Il Prandina l'aveva ascoltato silenziosamente in atto meditabondo.

- Via, don Letterio, potreste darmi torto? avreste animo di dirmi che non ho fatto il dover mio?

- Avete ascoltato come sempre quel sentimento di rettitudine che onora il vostro carattere. Lo riconosco. Ma lasciatemi in pari tempo che con franchezza vi dica che a questo sentimento avete dato ascolto così ciecamente da obbliare per esso ogni altro criterio. Guardate, Sant'Angelo: io non vi obbietterò che voi vi siete esagerata la vostra posizione e che le virtù vostre dovrebbero bastare per assicurarvi l'affetto di qualunque donna voi voleste eleggervi a compagna; so che non dareste alle mie parole altro valore che quello d'un vieto conforto. Però rispondetemi: che cosa avete fatto voi finora per sapere quello che forse sta celato nel cuore di Loreta? Chi vi dice che questa donna, che ha per la vostra famigliaforti argomenti di gratitudine; non abbia concepito per voi tanta affezione, che le sia di dolore il dovervi abbandonare? Infine, dinanzi alla necessità imperiosa, che il suo onore le detta, di lasciare la vostra famiglia ospitale, di tornare alle lotte di una vita dura ed incerta, pari a quelle che essa ha già una volta sostenute, che avete fatto voi per offrirle un conforto, per salvarla da una sciagura, per darle forse quella pace, cui essa nel suo cuore anela?... No, Sant'Angelo, voi non avete ascoltato che la voce esagerata de' vostri scrupoli: voi vi siete piegato alle esigenze de' cattivi senza nulla tentare perchè essi sieno vinti e perchè voi siate felice.... Chiedere a Loreta una spiegazione esplicita, chiara, confidente, come si può farla ad un amico, come si deve farla ad un fratello: ecco il vostro dovere: ecco quello che almeno a me pare che sia il vostro dovere....

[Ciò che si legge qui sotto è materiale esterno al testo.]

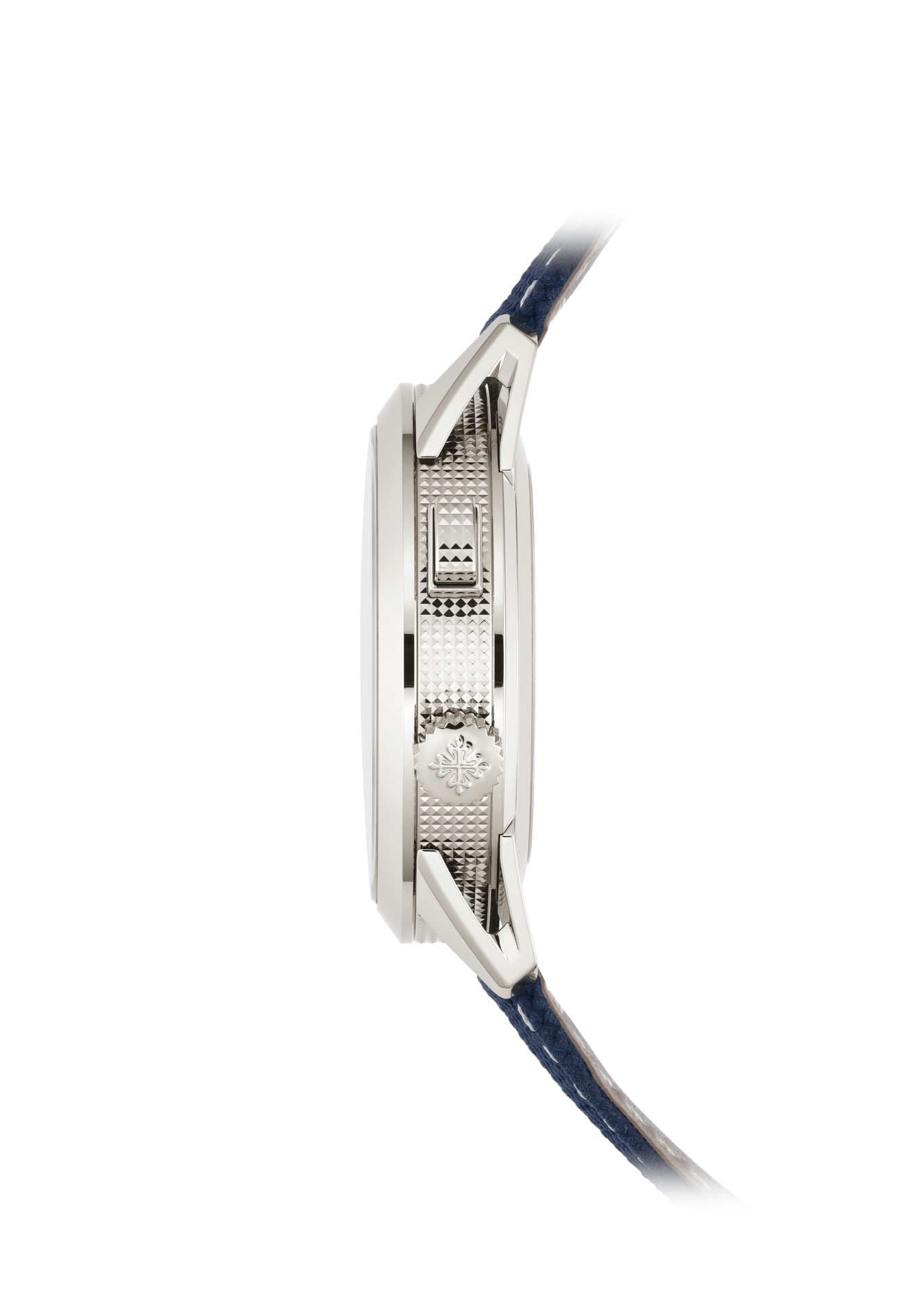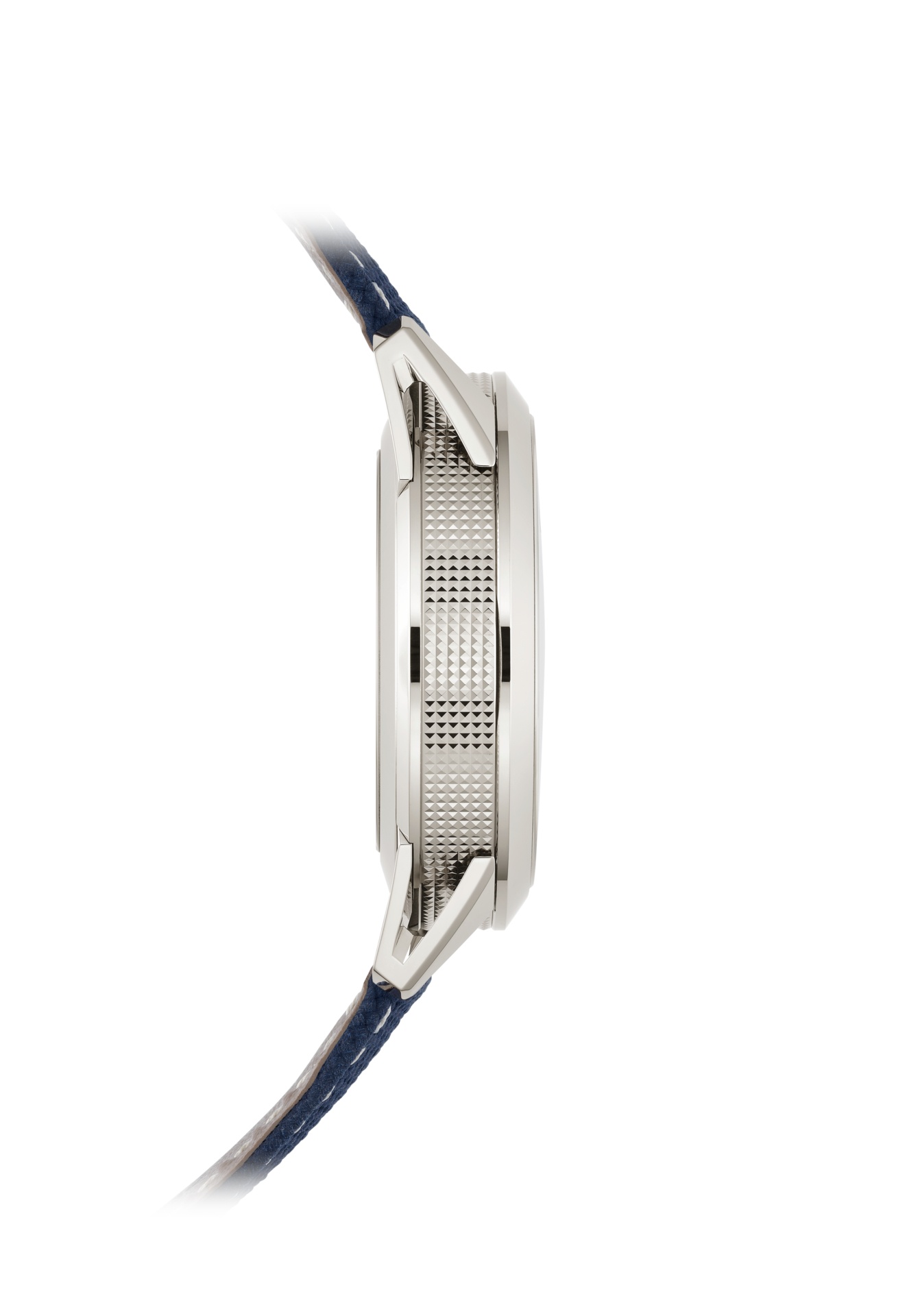 Quadrante blu navy laccato con texture e bordo sfumato nero, indici applicati in oro bianco con rivestimento luminescente bianco. Lancette a forma di siringa in oro bianco con rivestimento luminescente bianco.

- Ma poi, Prè Letterio.... poi?

- Poi, quando aveste la certezza che Loreta non vi ama, ch'ella non potrebbe essere felice con voi, ch'ella è pronta, per isfuggire ad una situazione equivoca e non onorevole, a riaccettare una vita malsicura e tempestosa.... converrà chinare il capo. Sarà triste il doverlo fare, ma almeno vi sarete tolto il dubbio di non aver accettato con colpevole cecità un dolore, che la malvagità degli uomini e la forza delle circostanze vi hanno procurato! Il professore era rimasto ad ascoltare queste parole - che il vecchio aveva pronunciato con un tranquillo accento di persuasione - senza nulla opporre, con gli occhi lucenti, tormentandosi colla mano convulsa la lunga barba canuta.

Quando quegli ebbe finito si sforzò indarno, nella piena dell'emozione, a cercare una frase che valesse a manifestare ciò che si passava dentro al suo cuore:

- Amico mio! amico mio!

Non disse che questo ed alzandosi di scatto gittò le braccia intorno al collo del vecchio e lo baciò con effusione.

- Coraggio, via, Sant'Angelo! - disse l'altro sempre sereno. - Un giorno che vostra madre, côlta già dal presentimento della sua fine, mi parlò della possibilità che voi e Loreta aveste ad unirvi per sempre, io le risposi che, se questo sarà il volere di Dio, il suo sogno si sarebbe avverato. E le dissi ancora, che la Provvidenza non abbandona mai i buoni. Che altro volete ch'io dica oggi a voi? La mia povera scienza si arresta qui.... Ma è quella, vedete, che basta per condurre al vero! Coraggio, Sant'Angelo, coraggio!